Highlighting that this embargo which is made in the U.S., the center of democracy and freedom, cannot be accepted, the statement also indicated that this is not a domestic problem but a big, international problem, as was mentioned in the notices.
"The unreasonable blockade on the issues that can be overcome through cooperation easily prompted us to think differently on the issue," the statement read, adding that these blockages, which are still being done despite it being a year since the incident took place, cannot prevent the struggle over democracy from being told.
Last week, MUSIAD revealed a written statement, announcing that the foreign branch offices of the association will make several activities on the anniversary of the July 15. The statement also indicated that there will be several conferences, ceremonies in mosques for those who were killed and advertisements on TV's and newspapers that condemn the incident.
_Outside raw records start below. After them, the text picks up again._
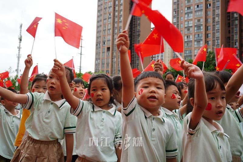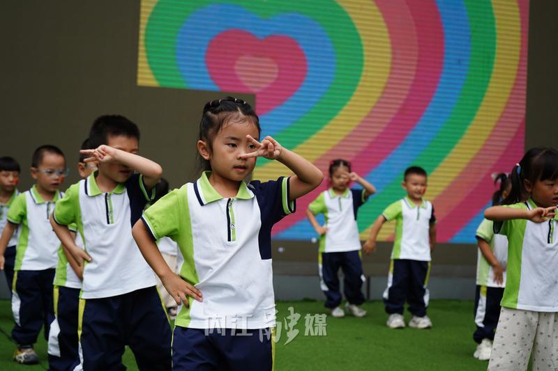 随后,庄严的升国旗仪式拉开欢乐的序幕。孩子们放声歌唱、尽情舞蹈,蹦蹦跳跳地跟随老师学习动作,欢快的气氛洋溢在整个操场之上。
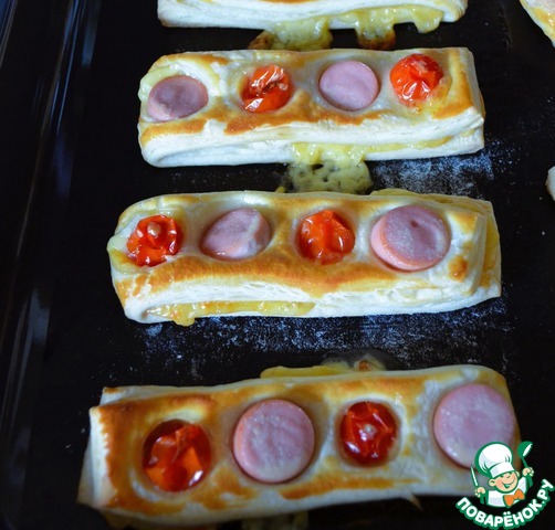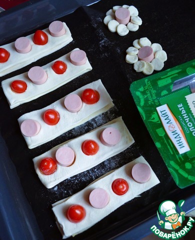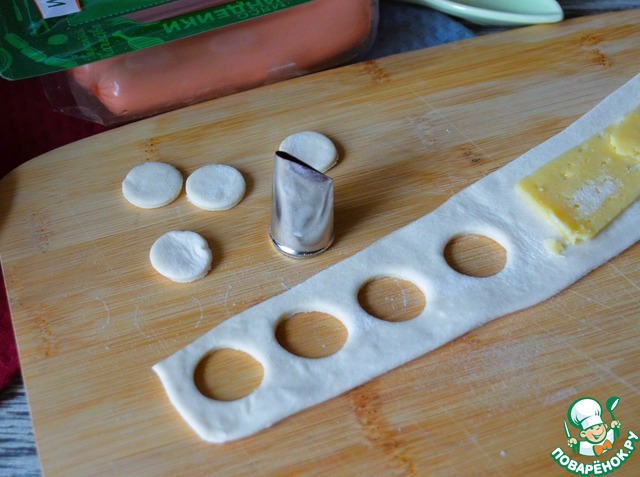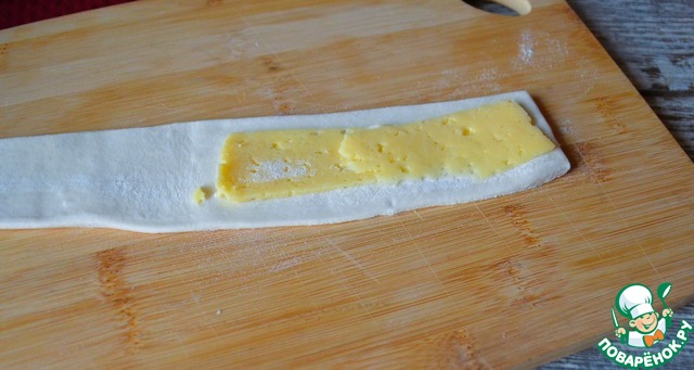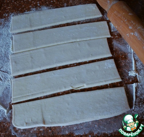 P.S.: не забываем, слоёное тесто раскатывать в одном направлении, удобно от центра вправо и влево. Разрезать на 5 полос. -
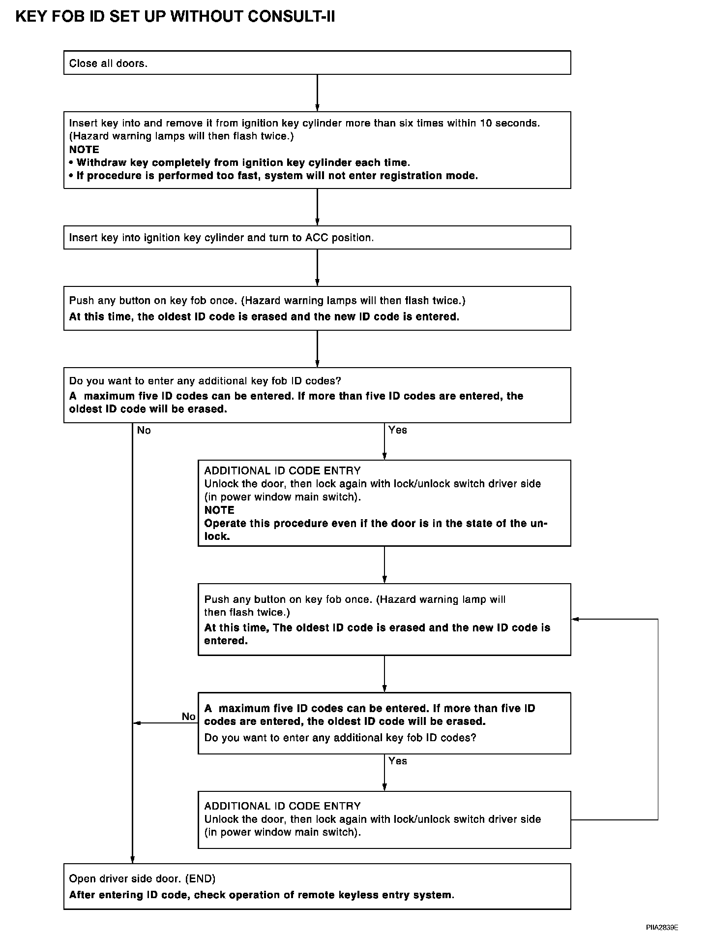 KEY FOB ID SET UP WITHOUT CONSULT-II
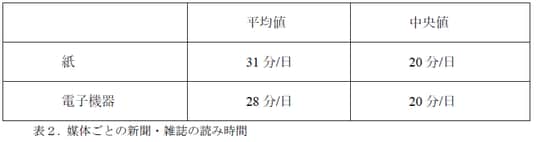 全回答者のうち紙で新聞・雑誌を読むことがある人の割合は30%、電子機器で新聞・雑誌を読む人の割合は38%であった。新聞・雑誌を読むことがあると答えた人の読み時間は(表2)の通り。

Germany also banned a commemoration event for the July 15 coup attempt that was scheduled for July 10 in Hamburg. The cancellation was based on the insufficiency of parking lots and security concerns, while at the same time allowing pro-PKK events and Turkish opposition officials to stage rallies against the referendum.
The Dutch cabinet last week declared that Deputy Prime Minister Tuğrul Türkeş would not be welcome to travel to the Netherlands for a ceremony among Turkish expatriates commemorating last year's failed coup.
American authorities have yet to take steps to extradite fugitive FETÖ leader Fetullah Gülen, who has lived in self-imposed exile since 1999 in the foothills of the Pocono Mountains in Pennsylvania.
Despite Ankara sending "85 boxes of concrete evidence" to U.S. judiciary officials on Gülen and his network's culpability in last year's botched coup, according to statements by President Recep Tayyip Erdoğan and other officials, no steps have been taken to bring him to justice.
July 15, 2016 marked the day Gülenist militants embedded in the ranks of Turkish military attempted to stage a coup against President Erdoğan and his democratically elected government. As a result of the failed attempt, 249 people died and over 2,500 people were wounded.